五十八歳になったグレンは、自身の魔力の低下をひしひしと感じていた。今思えば「あの人」は妻の片割れだったに違いない。ならば今彼女に出来る事は島の脅威であるサタンを封印する事だ。
ドワーフたちが住む山の頂にサタンは立っていた。
「ワタシに何か御用で?」
男か女かも分からない声だった。
だが今日決着をつける。既に島に来て三十年近く経っていたが、グレンは最上級魔法を試そうとしていた。
「大審判」。捨て身の禁術であるそれは魔術のスキルを最大にまで高めた者にのみに許されるものである。
銀の「グインロッド」を駆使する。この二十八年の間に制作にその力を注いできた金の「グレンウォンド」は既にエルフの集落に隠してある。
「ハアアア!」
天は割れ、稲妻が降り注ぐ。ミルナよ、いつかまた会おう。
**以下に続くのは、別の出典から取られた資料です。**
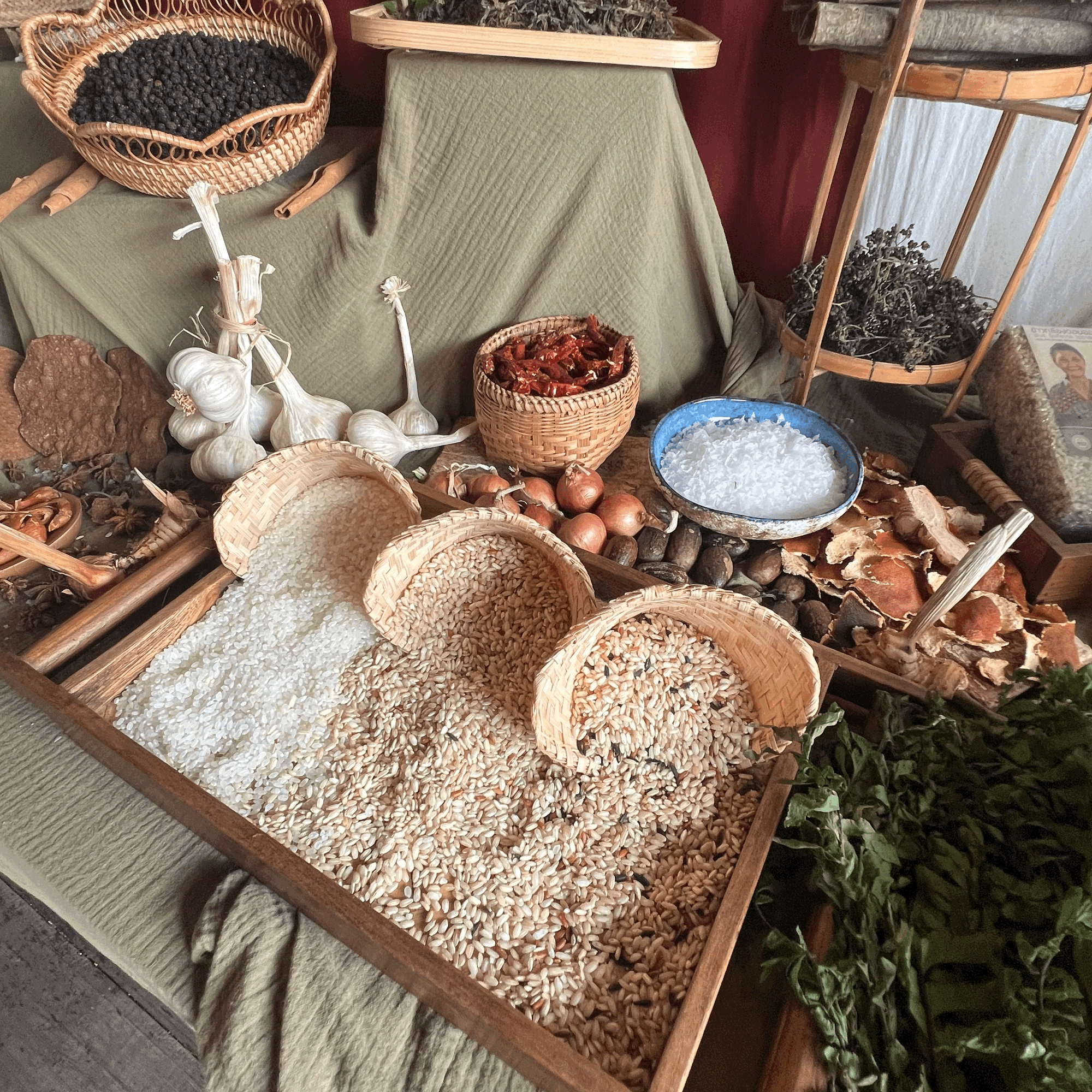 Roasted red rice tea (top left), Southern Thai dessert ka nhom kee mun (top centre) and the variety of spices and other flavour-enhancers used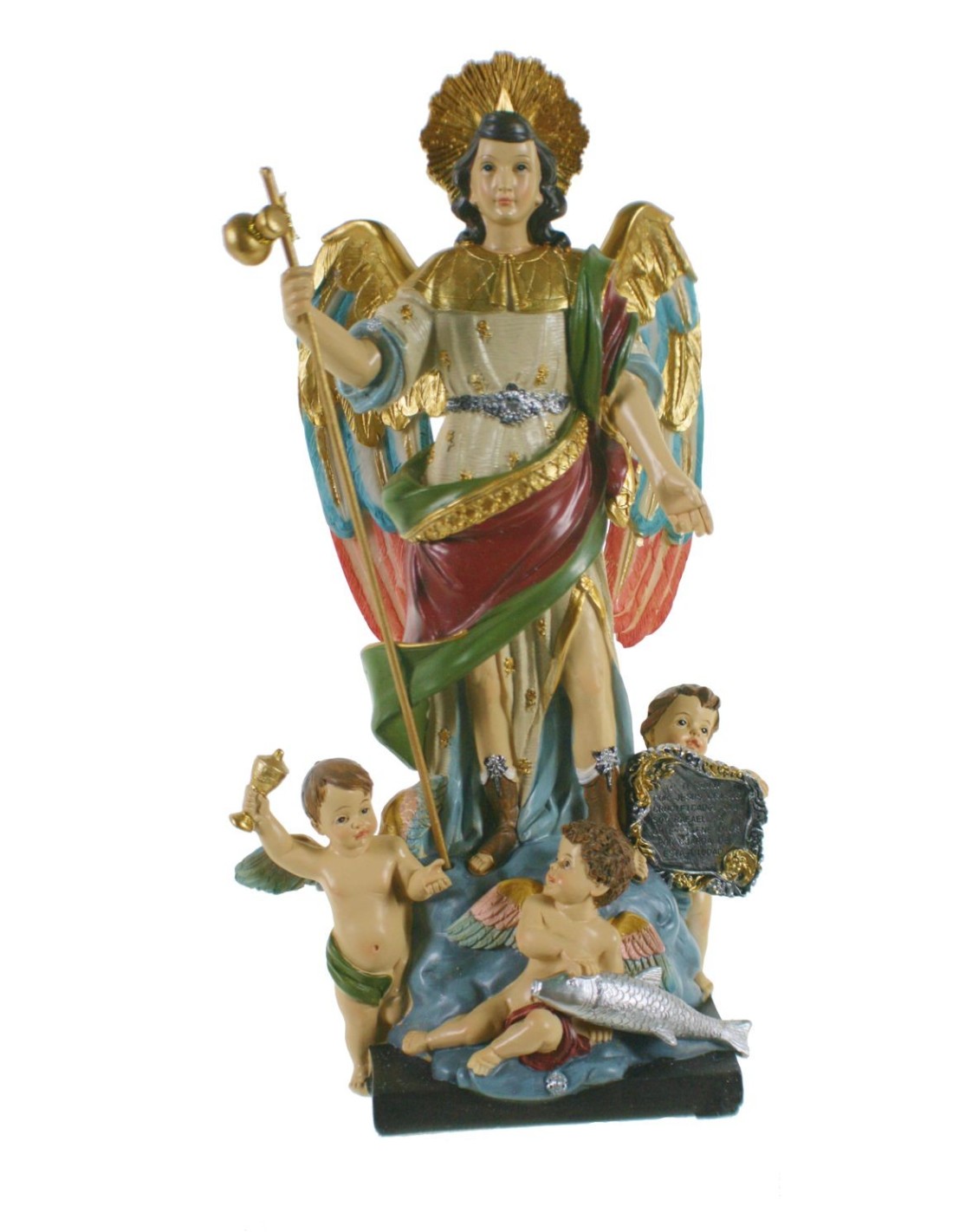 Estatua Figura Religiosa de Culto de San Rafael Arcángel Pintada a Mano Decoración Hogar. Medidas: 26 x9x13 cm.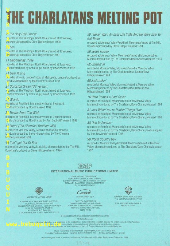 SONGBOOKS.– THE CHARLATANS: Melting Pot. Songbook mit Guitar tablature. Für Voice, Piano und Gitarre. London (IMP), 2000. 4°. 104 S. mit Noten. farb. ill. OKart. gutes Ex. EA.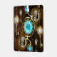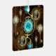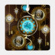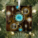 Turquoise lenses with antique watch with brass gears and golden keys on rusty, brown background. Steampunk style.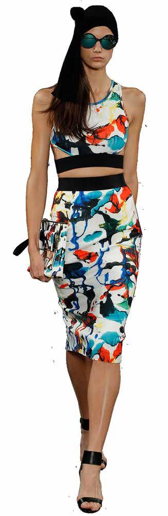 MILLY’S MULTI-COLORED MIDI SKIRT AND CROP TOP MAKES A BOLD FASHION STATEMENT FOR SPRING WWW.MILLYNY.COM L.K. BENNETT'S MULTICOLORED LEATHER PUMPS FROM NEIMAN MARCUS ARE A SPRING FASHION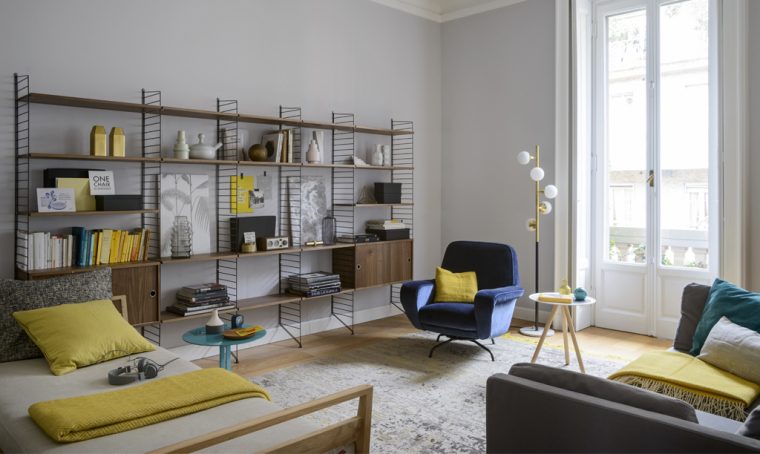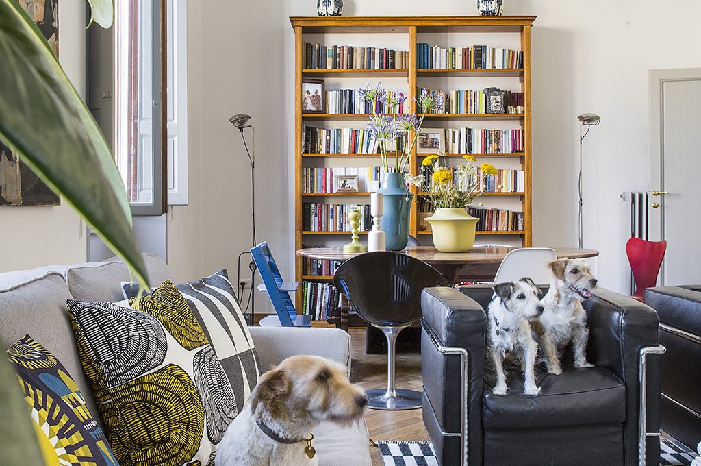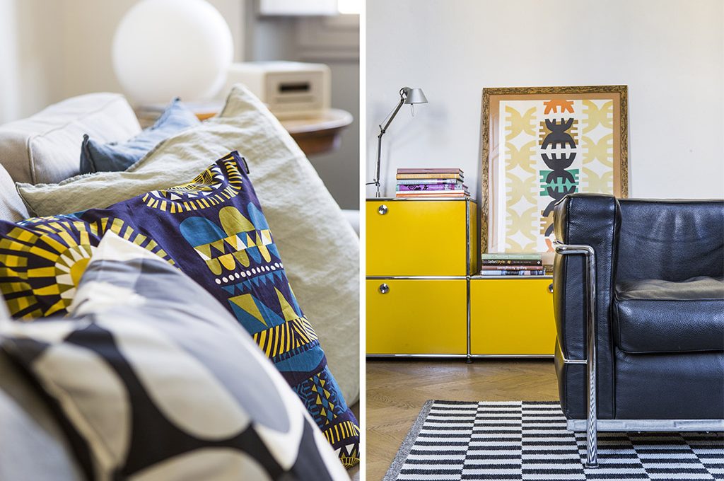 In soggiorno, accanto alla storica poltrona LC2 disegnata da Le Corbusier, il mobile basso Haller componibile e in acciaio verniciato giallo [Usm], colore che riprende quello che spicca sui cuscini del divano.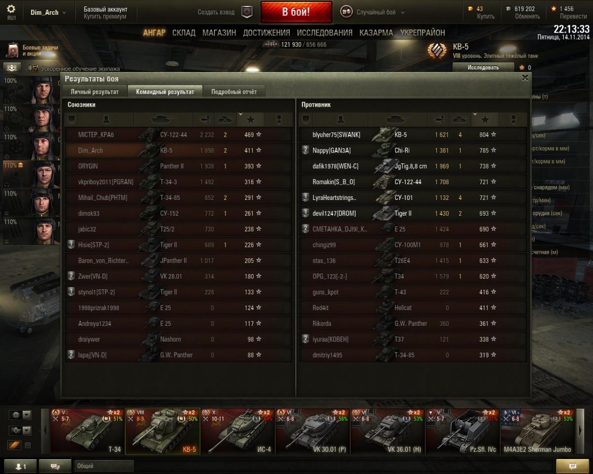 Ну ваши результаты не намного лучше, хотя и большинство машин вами поврежденных или уничтоженных это 8 лвл. Серьезно вы поймали только "хрустальный" Т30 и т-54 (видимо в борт) и все из девяток, немецкую пт 9 лвл не беру, ибо она вообще шьется всеми и вся. Ис-8 вы не пробили, только гуслики повредили, а 704 вам вообще оказался не по зубам. Теперь о доходе, да конечно у вас дела немного получше, но по большому счету это не идет в сравнение с 2012 годом, ваши 78 000 серебра против моих 141 000, которые продемонстрированы на моем видосе выше, практически двукратный (!!!) отрыв по баблу. И еще, я не говорил, что КВ-5 совсем не фармит, ибо фармом может считаться чистая прибыль больше ноля. Вопрос заключается в том, что фарм по сравнению с 2012 годом УРЕЗАН, за счет того, что мы меньше наносим урона по 9 лвл и нас к ним кидает частенько (ваш пример, 3 боя из 5 с 9лвл) , плюс нас шьют все кому не лень за счет голдовой серы, соответственно и живем мы меньше, что тоже не прибавляет нам вистов. То есть, исходя из вышеперечисленного мы делаем вывод, что КВ-5 стал хуже фармить, чем 2 года назад и ТС делает правильный реверанс в сторону разрабов, либо уменьшение уровня боев, либо увеличение доходности при пробитии высокоуровневых машин. Правда есть и третий способ, тупо увеличить пробитие у пухи КВ-5, но на это разрабы не пойдут. Как-то так. http://cdn-frm-eu.wargaming.net/4.2/style_emoticons/wot/Smile_Default.gif В этом то вся и соль. http://cdn-frm-eu.wargaming.net/4.2/style_emoticons/wot/Smile_blinky.gif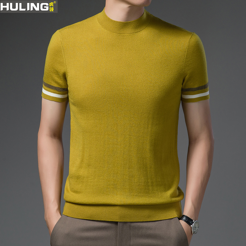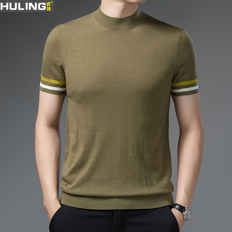 春秋季新款100%纯羊毛衫男士简约半高领短袖针织衫爸爸装毛衣打底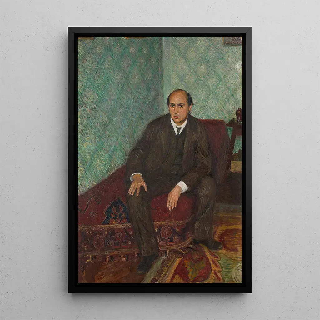 "Portrait d'Arnold Schönberg" av Richard Gerstl är ett konsttryck som fångar essensen av motivet genom djärva penseldrag och en färgpalett som vibrerar av liv. Gerstl, som en pionjär inom expressionismen, använder mörka nyanser och slående kontraster för att skapa en atmosfär som är både oroande och fängslande. Kompositionen, centrerad kring Schönbergs ansikte, avslöjar en psykologisk djup som inbjuder betraktaren att dyka in i denna revolutionära kompositörs själ. Varje detalj, från skuggor till ljus, verkar berätta en historia, vilket gör detta konsttryck till ett verkligt mästerverk av introspektion.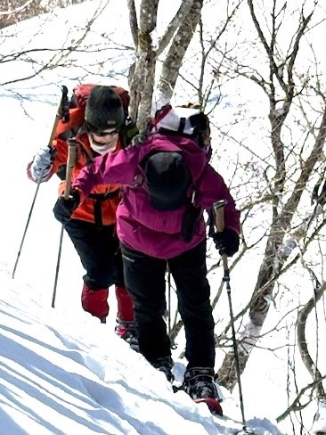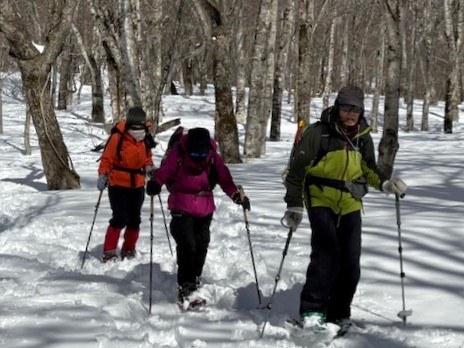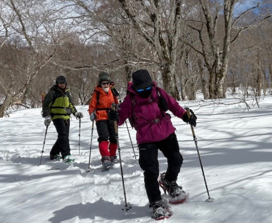| 13.武尊山ルートの夏道ルートで森林地帯を下る | 14.締まった雪に新雪が降り積もり スノーシュー最高! |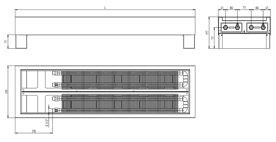 Низький опалювальний прилад із двома теплообмінниками. Висота конвектора лише 176 мм, при ширині 290 мм.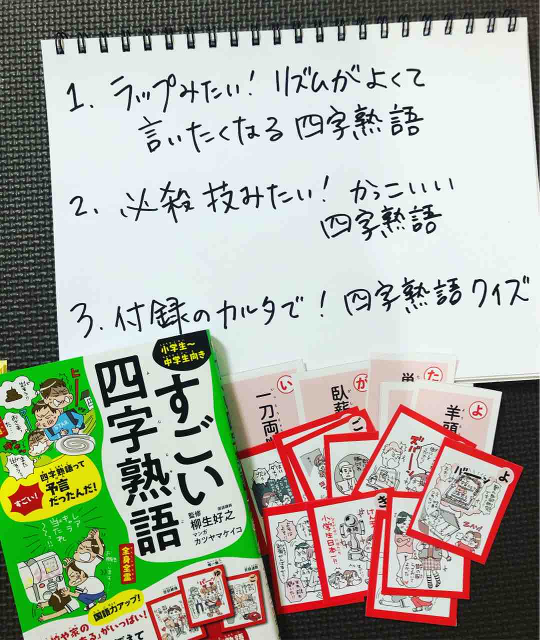 アウトカメラでやる場合、モニターが必要だが、タイムラグがあるためやはり難しい昨日の『すごい四字熟語』も、四字熟語をスケッチブックに書いて見せながらやりたいので、左右反転をどうするか、、と考えた結果、もうアウトカメラでやるしかないと。
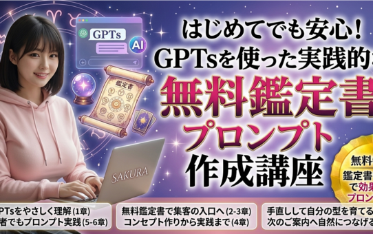 【65,000文字以上】【全10章の詳細説明】はじめてでも安心!GPTsを使った実践的な無料鑑定書プロンプト作成講座 投稿日: 2026年4月1日2026年4月2日 投稿者: fukuemon 続きを読む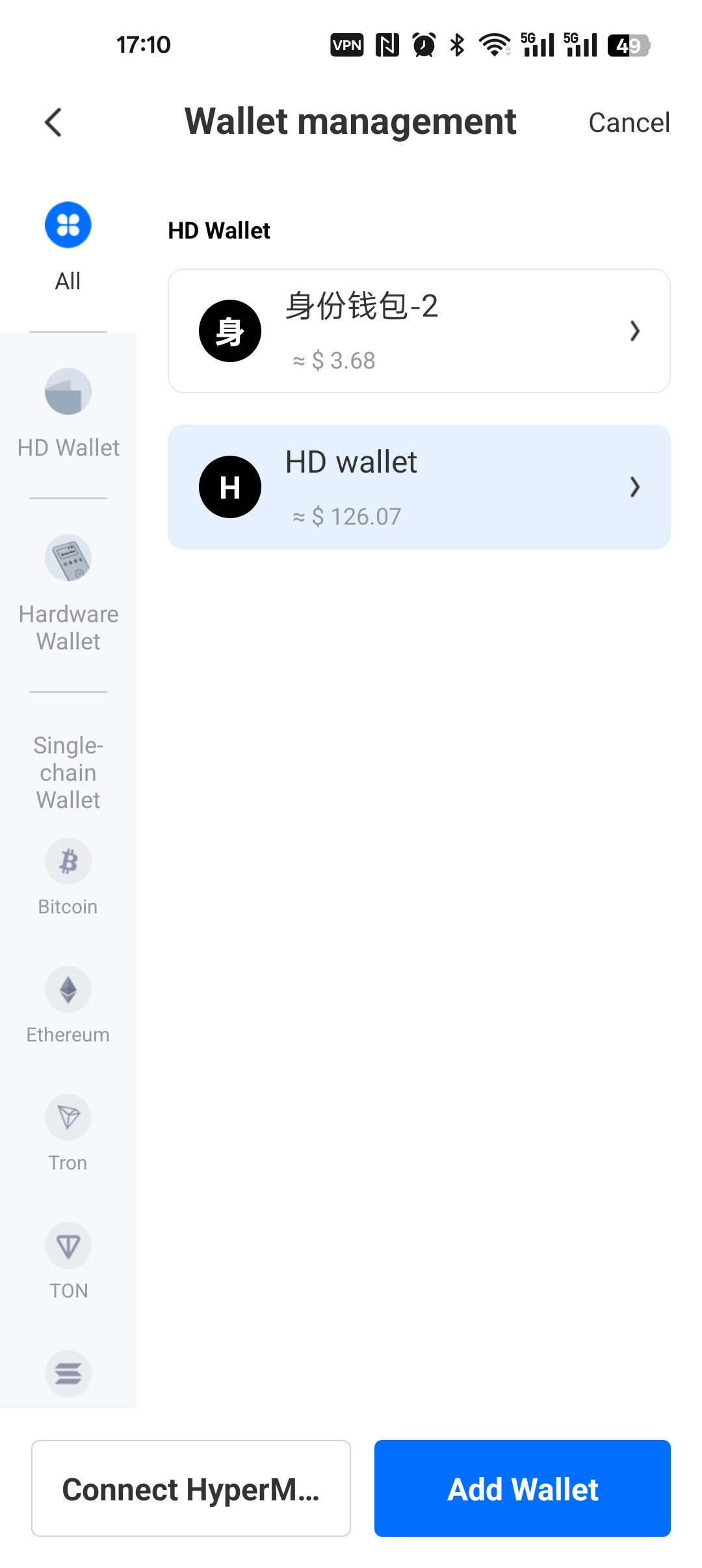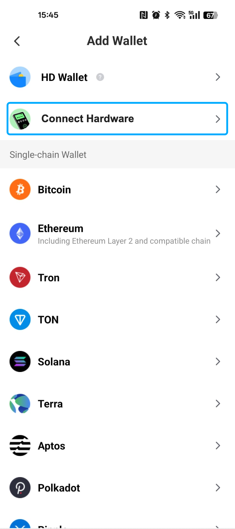 - Click 【Connecting Hardware】 at the bottom of the wallet list page, or select 【Connecting Hardware】 on the "Add Wallet" page.

心の中でそう呟き、杖を地面に突き刺す。
無数の魔法陣がサタンの足元に現れる。
「コ、コレハ……!」
時既に遅く、サタンは身動きが取れない状態だった。この命が尽きようとも貴様をここで封印する。
次の瞬間、サタンは石ころに変化していた。
視界が次第に暗くなった。
「せやっ!」
相手の首が血しぶきをあげながら飛ぶ。
残った胴体は馬に乗ったままだった。
一羽の烏が、瞬く間に空に羽ばたく。
この村に用はない、そう思っていた。
でも来てしまった。
あの別れ道でたまたま木の枝が左に倒れたから。
それだけの理由でナオミは決して安全とは言えないアラモ村へと進み、盗賊団と出くわし現在に至る。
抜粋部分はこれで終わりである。